Reputation: 31
I am trying to count the number of rows in a dataframe where the value of two columns in the dataframe equal to 'clear'. The code I have is:
pass_both_checks = len(merged_outer(([merged_outer['result_x'] == 'clear']) & [merged_outer['result_y'] == 'clear']))
where 'merged_outer' is the dataframe and I want the result to be the count of all rows where column 'result_x' and column 'result_y' equals 'clear'.
However, I am getting an error:
TypeError: unsupported operand type(s) for &: 'list' and 'list'
How do I fix this? If I insert just one condition in the code for pass_both_checks, it seems to work fine.
Upvotes: 2
Views: 2374
Reputation: 862671
For filtering by boolean indexing
add ()
around conditions:
pass_both_checks = len(merged_outer[(merged_outer['result_x'] == 'clear') &
(merged_outer['result_y'] == 'clear')])
Or use sum
for count True
s:
pass_both_checks = ((merged_outer['result_x'] == 'clear') &
(merged_outer['result_y'] == 'clear')).sum()

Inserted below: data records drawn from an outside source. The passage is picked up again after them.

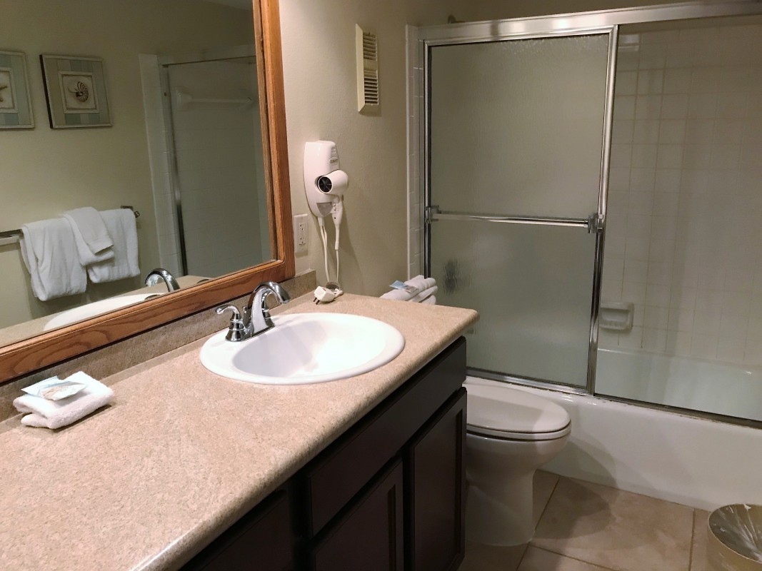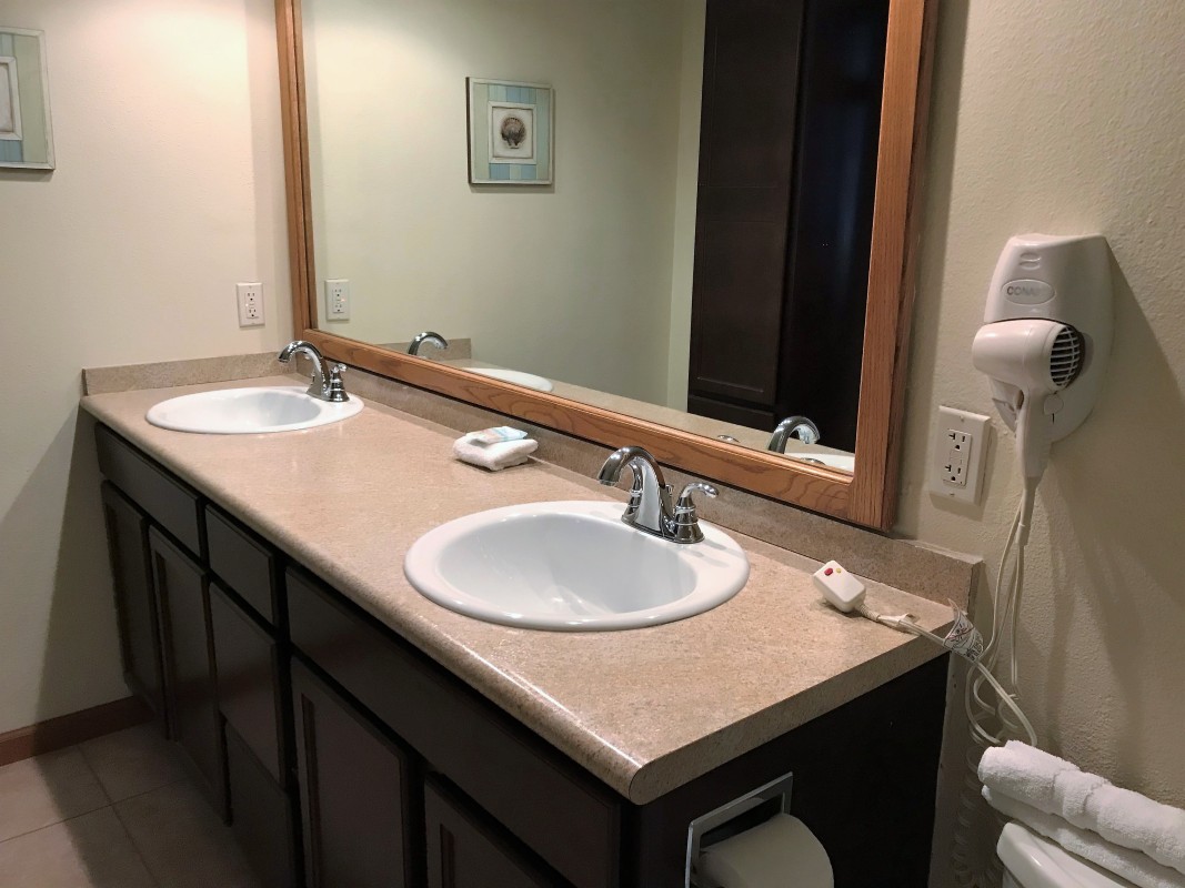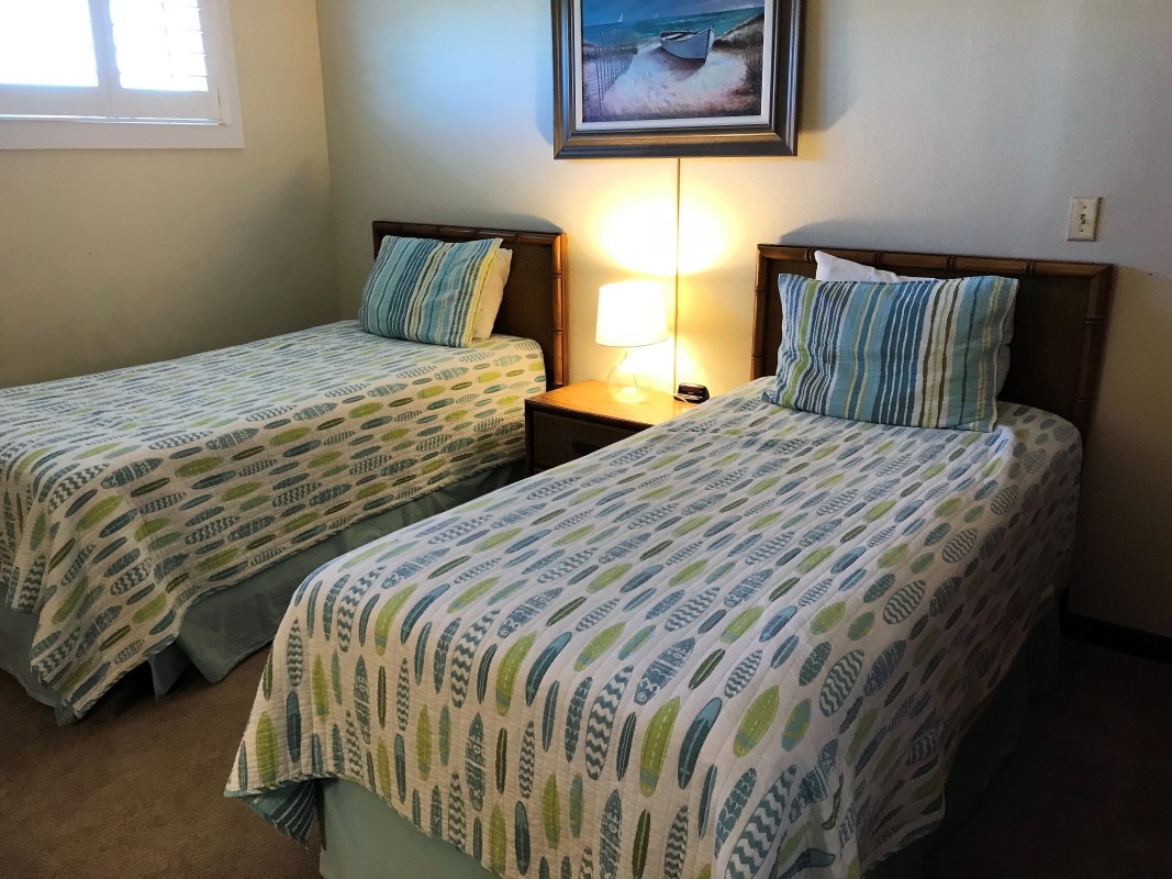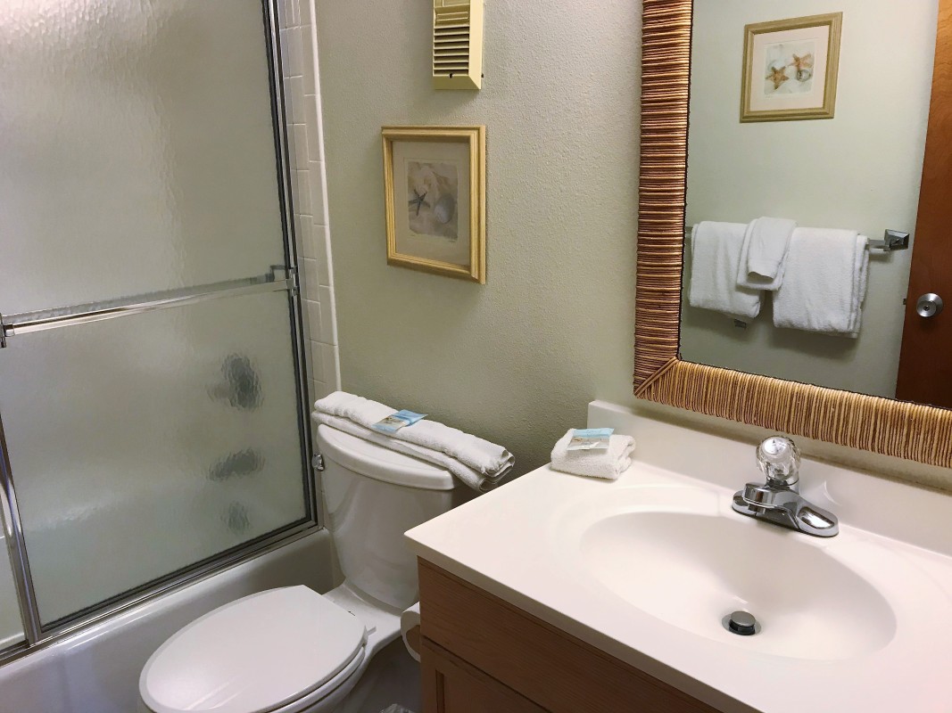Guest Bedroom: The guest bedroom includes two twin-sized beds and a 20” TV for added convenience. The guest bathroom also includes a tub/shower combo.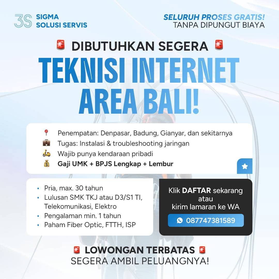 Home » Lowongan Kerja Teknisi Internet Area Bali Lowongan Kerja Teknisi Internet Area Bali July 17, 2025 Post Views: 73 Bagikan: Tags Related Post Lowongan Kerja Sofware Engineer Post Views: 64 July 23, 2025 Lowongan Kerja Staff IT Post Views: 53 July 23, 2025 Lowongan Kerja Customer Servis Post Views: 40 July 23, 2025 Lowongan Kerja Administrasi SMS Finance Post Views: 77 July 17, 2025 Lowongan Kerja Staff Programmer Post Views: 93 July 10, 2025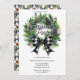 Elegant nostalgic watercolor black and white gingham check beribboned pine and berries holiday wreath "Christmas Party" design with coordinating back pattern design.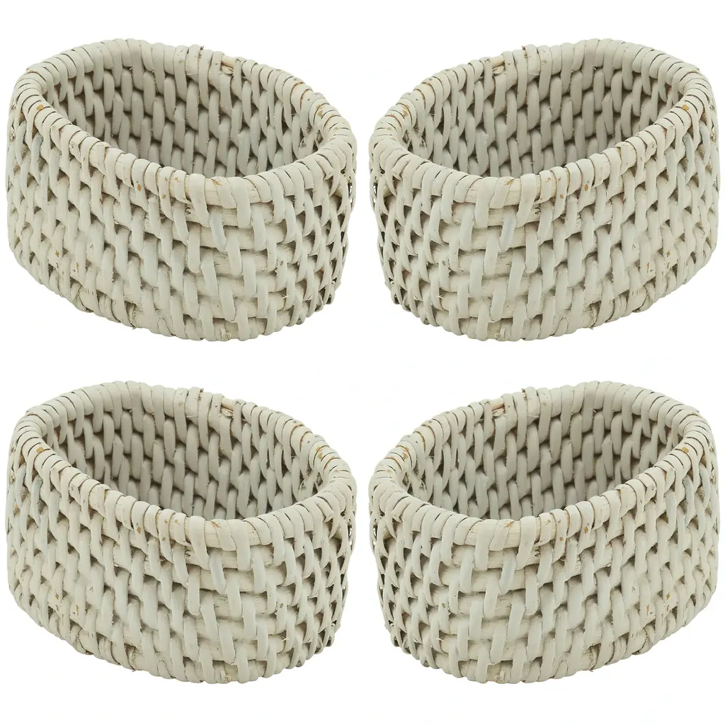 Woven Design Rattan Napkin Rings (Set Of 4) - Set Of 4 - White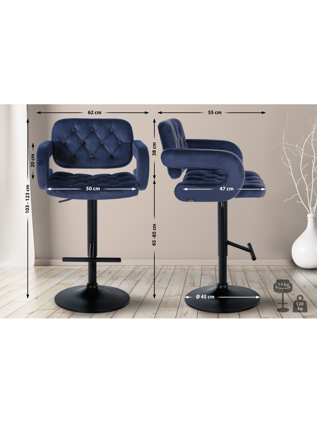 La silla de bar es regulable en altura, de modo que la altura del asiento se puede ajustar entre 65 y 85 cm. Esto significa que el taburete se puede utilizar de diversas formas en diferentes alturas de mesa o mostrador.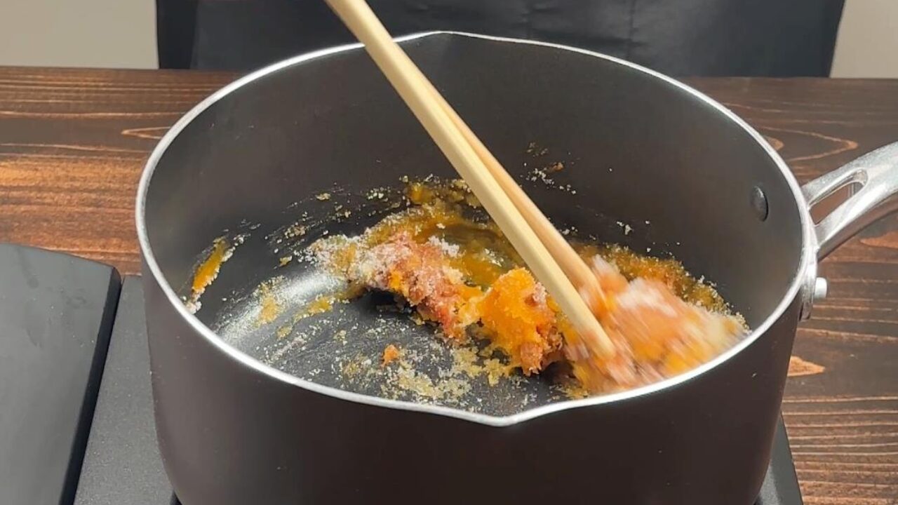 鍋に味噌と卵黄、砂糖、おろしショウガを入れて混ぜます。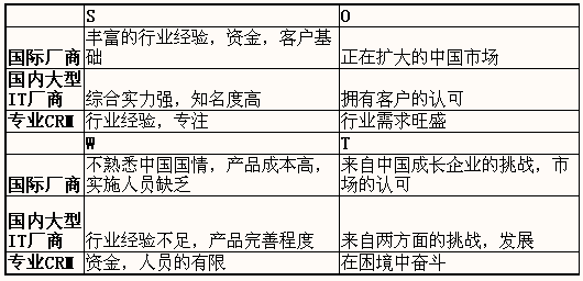 國內(nèi)的大型軟件公司,ERP+CRM的優(yōu)勢。為了擴(kuò)展其產(chǎn)品線的需要,也在近幾年進(jìn)入了CRM領(lǐng)域。用友公司的金種子計(jì)劃,金碟公司的東方明珠計(jì)劃逐漸加強(qiáng)投入,神州數(shù)碼與臺(tái)灣軟件公司的合作恐怕也不會(huì)不對這樣一塊蛋糕有所想得。

Or compare both columns and test if all True
s per rows by DataFrame.all
:
pass_both_checks = (merged_outer[['result_x', 'result_y']] == 'clear').all(axis=1).sum()
Upvotes: 6
Reputation: 9047
you can get row wise check then get only the True
import pandas as pd
df = pd.DataFrame([['a', 'clear'], ['b', 'c'], ['clear', 'clear'], ['clear', 'clear']], columns=['A', 'B'])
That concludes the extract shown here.